Look at Sennheisers dumb (or pathetic) ass... The fuck is the HD800 and it's siblings? You put out a relatively good headphone with the 600 series, and then you release this kilobuck+ 800 series plagued with lower end distortion, ON TOP of being a treble spike ear rape nightmare without EQ. And then they supposedly quelled that treble spike (A BIT, not completely or anywhere close to such) with the HD800S, but made the bass distortion worse.

So if a company of that pedigree and size can suffer this sort of nonsense, and here we have a test rig in the $40,000+ range with compromises.. It only stands to reason 95%+ of players in this field are just shooting from the hip anytime they introduce a new product-line.

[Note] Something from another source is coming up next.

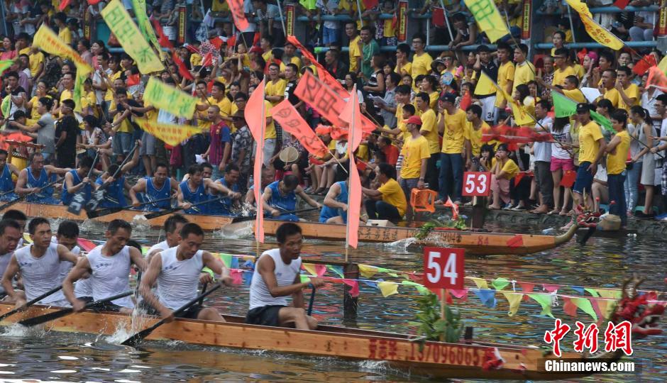 6月16日,农历五月初一,三年一度的广东高要金利镇龙舟大赛开赛,香港、澳门、广东三水、南海等地区的“龙舟”也应邀参赛,现场吸引10万人助威百龙竞渡。金利龙舟在历史上颇负盛名,素有“广州逛花市、金利看龙舟”美谈。据了解,今年参赛龙舟达115艘,参赛运动员达6000余名。本次龙舟大赛是广(州)佛(山)肇(庆)三地“2015年爱我珠江亲水节”系列活动之一。中新社发 黄耀辉 摄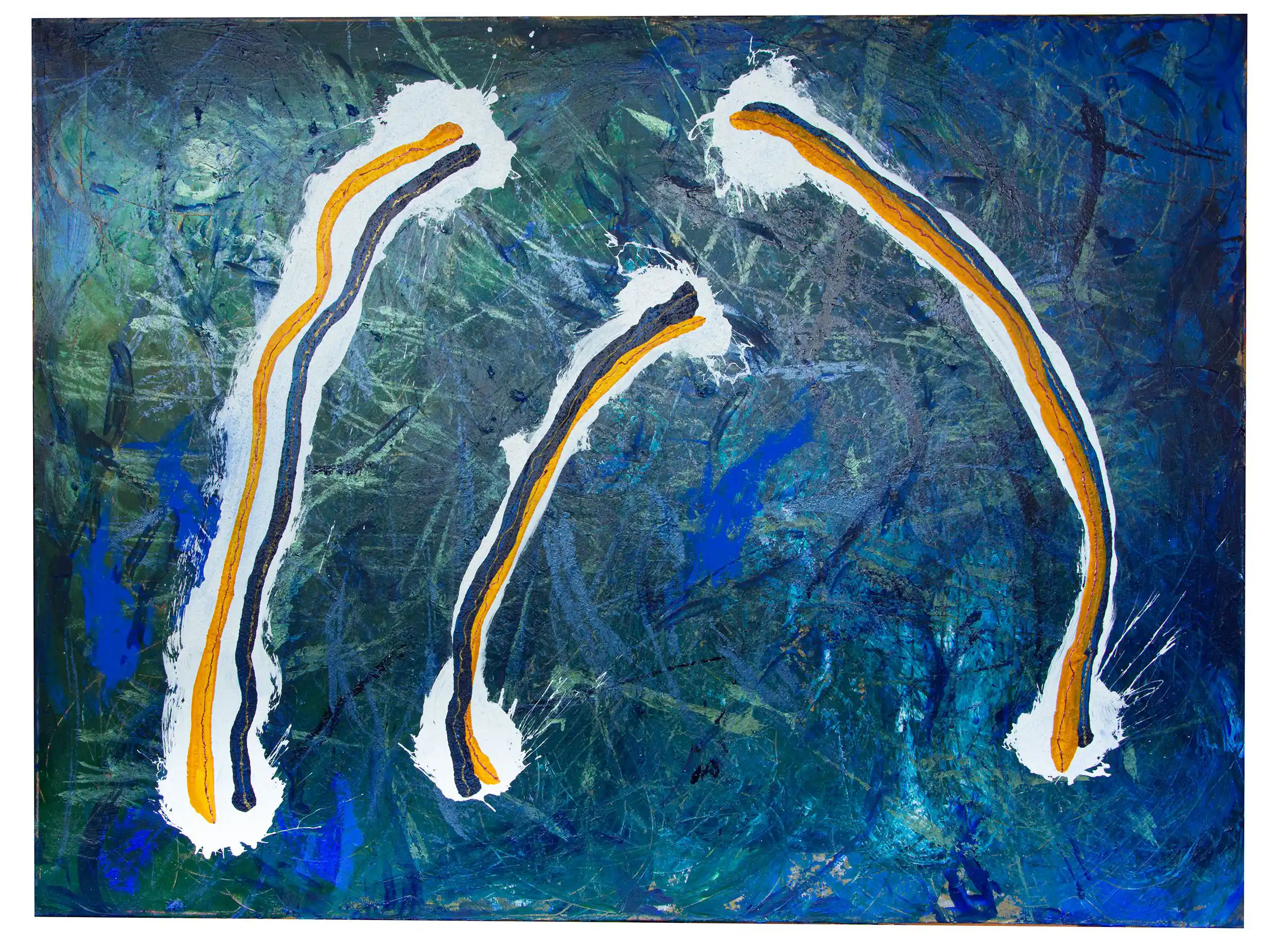 Working primarily on canvas with various mediums, she finds her greatest inspiration in nature. The lake near her Toronto studio offers a quiet space for reflection, where the flow of water and light continue to influence her creative process.

I personally would've wished we either went the headphone route instead of speakers (those things look doomed as shit from a progress perspective, spending thousands on passive speakers and power amps that are being slapped around for LITERALLY half a decade+ by the Benchmark ABH2). Speakers seem more to be progressing if they're coming in powered variants moreso than passives. But anyway, yeah headphones seem interesting and somewhat manageable (still don't understand how speakers with separate drivers for Bass, handled by the subwoofer, mid-range handled by the standard speaker woofer, and treble handled by the tweeter) can still produce so many awfully performing speakers, with awful crossover points and just distortion galore without a sub woofer. Meanwhile headphones with one driver still somewhat are doing okay (yeah yeah, I know, night and day power demands leading to easier time with lower powered devices requirements).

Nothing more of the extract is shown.